INDEX SUPPLEMENT B: RECENT 
ORTHODOX MATYRS

©  2004 by Orchid Land Publications

[20040424]

     While Juan Diego of South America has recently been declared the first Roman Catholic indigenous American Saint, the first Orthodox indigenous North American Saint,  Peter the Aleut, and one of the first Orthodox Saints in North America, has been recognized as such by the Orthodox Church for some time.  Having been baptized by Russian monks on Kodiak Island and later being in the employ of the Russian-American Trading Company, he was captured in 1815 by Spanish sailors and taken to San Francisco.  Roman Catholic priests tried to force him to embrace Roman Catholicism.  He said. "We are Christians; we have been baptized."  When the Saint refused to renounce Orthodoxy, the Latins cut off his fingers and then his hands.  St. Peter died as a result of the tortures, thus accepting martyrdom rather than betraying the true Faith.  His festival is September 24th.  More information can be

obtained HERE.   St. Peter was the first native-American martyr to have been glorified (i.e. officially acknowledged to be a Saint) by the holy Orthodox Church.  Several Russian missionaries in Alaska from the end of the 18th century and the early nineteenth century have also been glorified.  Some were martyred.  St. Innokenty later became the chief hierarch of the Russian Orthodox Church in Moscow.  The missionary work in Alaska (while it was still Russian, before Alaska was urchased by the USA) is the root and foundation of North American Orthodoxy--the only Orthodox body in America till Communism upset the situation in Russia, and various groups formed their own hierarchies--a very uncanonical situation that can be resolved only by ecclesiastical unity under a single American patriarch.  

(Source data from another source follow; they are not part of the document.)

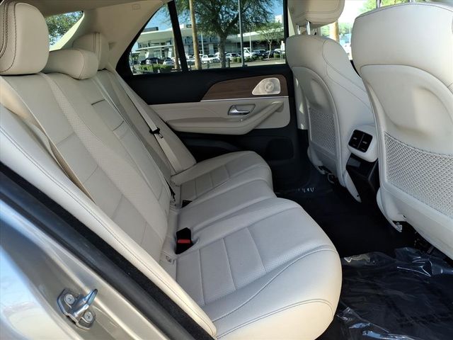 This Mercedes-Benz GLE is equipped with the following features: Premium Package (115V Power Outlet, Burmester Surround Sound System, Parking Assist Code, and Surround View System), 4-Way Lumbar Support, 4-Wheel Disc Brakes, 8 Speakers, ABS brakes, Aerial for GPS, Air Conditioning, Alloy wheels, AM/FM radio: SiriusXM, Anti-whiplash front head restraints, Apple CarPlay, Apple CarPlay/Android Auto, Auto tilt-away steering wheel, Auto-dimming door mirrors, Auto-dimming Rear-View mirror, Automatic temperature control, Axle Ratio: 3.69, Brake assist, Bumpers: body-color, Compass, Delay-off headlights, Driver door bin, Driver vanity mirror, Dual front impact airbags, Dual front side impact airbags, eCall Emergency System, Electronic Stability Control, Emergency communication system: eCall Emergency System, Exterior Parking Camera Rear, Four wheel independent suspension, Front anti-roll bar, Front Bucket Seats, Front Center Armrest, Front dual zone A/C, Front reading lights, Fully automatic headlights, Garage door transmitter: HomeLink, Genuine wood console insert, Genuine wood dashboard insert, Genuine wood door panel insert, HD Radio, Heated door mirrors, Heated Front Bucket Seats, Heated front seats, Heated Power Front Seats w/Driver Memory, Illuminated entry, Knee airbag, Leather steering wheel, Live Traffic, Low tire pressure warning, MB Navigation, MB-Tex Leatherette Seat Trim, MBUX Voice Control, Memory seat, Navigation Services, Navigation system: MBUX, Navigation Updates for 3 Years, Occupant sensing airbag, Outside temperature display, Overhead airbag, Panic alarm, Passenger door bin, Passenger vanity mirror, Power adjustable front head restraints, Power door mirrors, Power driver seat, Power Liftgate, Power moonroof, Power passenger seat, Power steering, Power windows, Premium audio system: MBUX, Radio data system, Radio: MBUX Multimedia System, Rain sensing wipers, Rear anti-roll bar, Rear fog lights, Rear reading lights, Rear seat center armrest, Rear window defroster, Rear window wiper, Remote keyless entry, Roof rack: rails only, Security system, SiriusXM Satellite Radio, Smartphone Integration, Speed control, Speed-sensing steering, Speed-Sensitive Wipers, Split folding rear seat, Spoiler, Steering wheel memory, Steering wheel mounted audio controls, Tachometer, Telescoping steering wheel, Tilt steering wheel, Traction control, Trip computer, Turn signal indicator mirrors, Weather band radio, Wheels: 19" Twin 5-Spoke, Wide Screen Media Display, and Wireless Charging.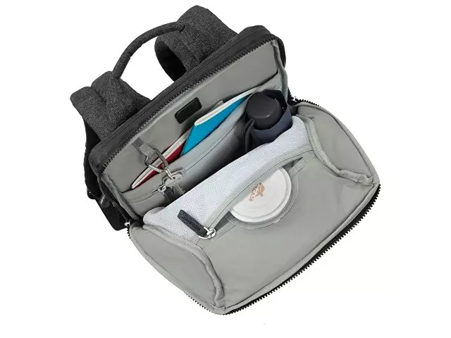 Рюкзак для для MacBook Pro 13" и Ultrabook 13.3". Описание: • Рюкзак для деловых поездок. • Изготовлен из плотной искусственной кожи и полиэстера для защиты ноутбука от случайных ударов и царапин, а также от пыли и влаги. • Отделение для ноутбука защищено водостойкой молнией, имеет мягкие стенки, карман для планшета до 10.1". Дно имеет дополнительную мягкую вкладку для защиты гаджета. • Передний карман на молнии для хранения аксессуаров, зарядного устройства, авторучек, смартфона. • Внутреннее пространство разделено на отделение для документов, два кармана на молнии и карман для воды или зонта. • Удобная мягкая ручка для переноски и наплечные ремни со смягчающими подкладками помогут чувствовать себя комфортно в самом долгом путешествии. • Специальная система крепления ремешков на липучке закрепляет их и создает дополнительное удобство. Размер отделения для ноутбука: 240 x 340 x 20 мм.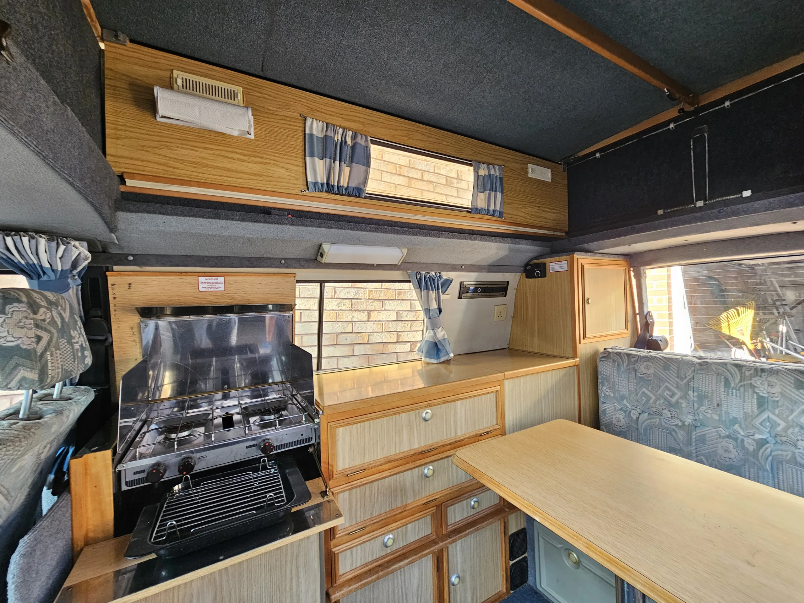 A lovely quality conversion by Autosleepers. with classic pop top .As mentioned previously it has cooker .240 volt electrics. grill and hob .leisure battery pull out bed .bike rack.There is also a bed in the pop top suitable for children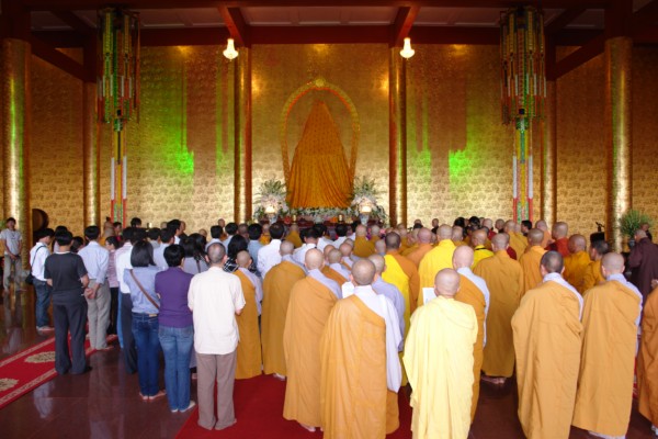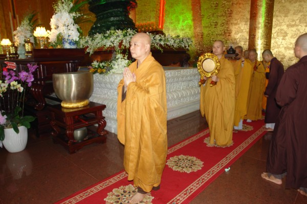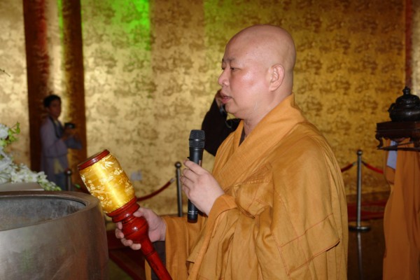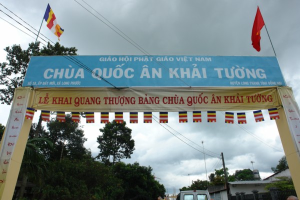 Lễ Thượng Bảng Chùa Quốc Ân Khải Tường – An Vị Tôn Tượng Phật Ngọc Chùa Quốc Ân Khải Tường: Niêm hương tham lễ Tam Bảo; Pháp ngữ sái tịnh đàn tràng Tụng Chú Đại Bi); Đọc kệ khai quang; Thượng bảng chùa.
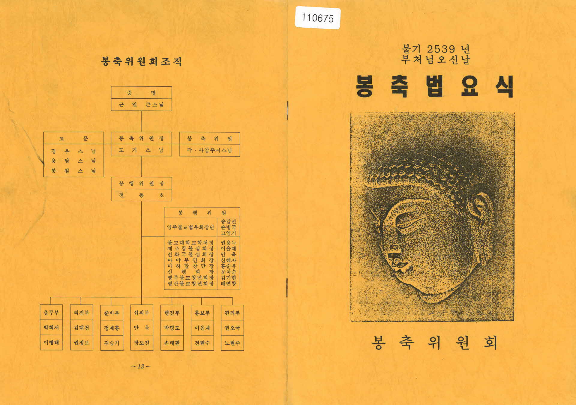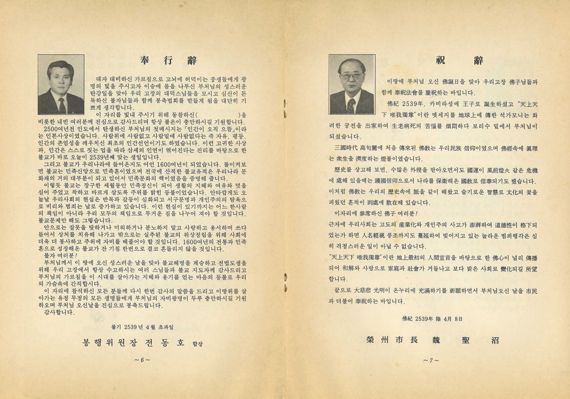이 자료집은 1995년 4월 8일(음력) 봉축위원회가 발간한 부처님 오신날 봉축행사 자료집이다. 이 자료집에는 봉축법회 식순, 집회가, 삼귀의, 찬불가, 마하반야바라밀다심경, 봉행사, 축사, 청법가, 봉축법어, 발원문, 사홍서원, 산회가, 봉축위원회 조직도 등이 수록되어 있다. 봉축위원장은 김도기, 봉행위원장은 전동호이다.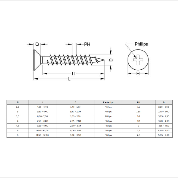 Tornillo P/mad Phillips 3,5×16 Amarillo X 1750 Unid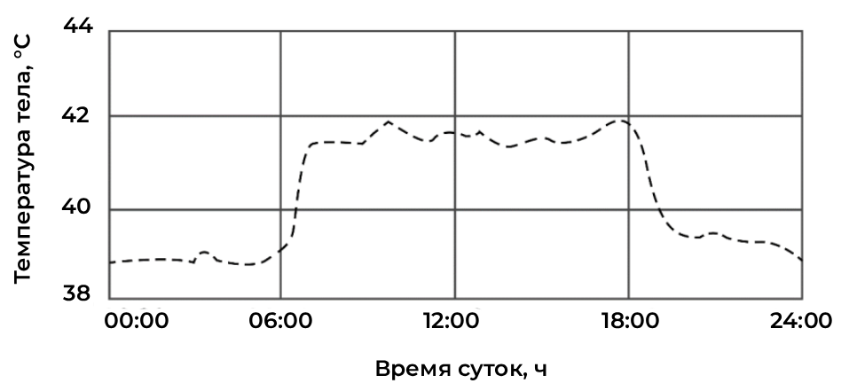 Экспериментатор изучал особенности физиологии птиц тауи из семейства Овсянковых, измеряя температуру тела в течение суток. Для этого он помещал птиц в камеру, где поддерживалась постоянная температура 23°C. В 6:00 он включал свет, а в 18:00 выключал. Результаты эксперимента представлены на графике.

     If the main Orthodox bodies cannot unite in a an American Orthodox Church with its own patriarch, does it make sense for these bodies to think of discussing an improbable unity with OTHERdox, CACOdox, NEOdox,  AUTOdox, MICROdox, and SCHETICOdox forms of Christianity?  Isn't that turning reasonable priorities upside-down--rather like trying to unite a county council of one state with the legislature of another state, or trying to use a keyboard and monitor when the computer is lacking?

 

     We should not forget the Orthodox Martyrs under 
barbarisms of the twentieth century:

--under the Turks:  more than three million Greek, Armenian, and Nestorian Christians died.  A leading Greek bishop had his eyes punched out and was then burned alive.   

--in the Communist Soviet Union,  600 bishops, 40,000 priests, and 120,000 monastics perished; only 200 priests survived.  SIxty million laypersons are reported to have suffered death for being Christian; even more suffered deprivation of their possessions and imprisonment during that ghastly time.  All readers could be well advised to read Father Arseny . . . priest, prisoner, spiritual father (St. Vladimir's Seminary Press, 2000).

--millions perished in Romania and Serbia.  Fifteen hundred Orthodox monasteries in Albania  were reduced to about twenty.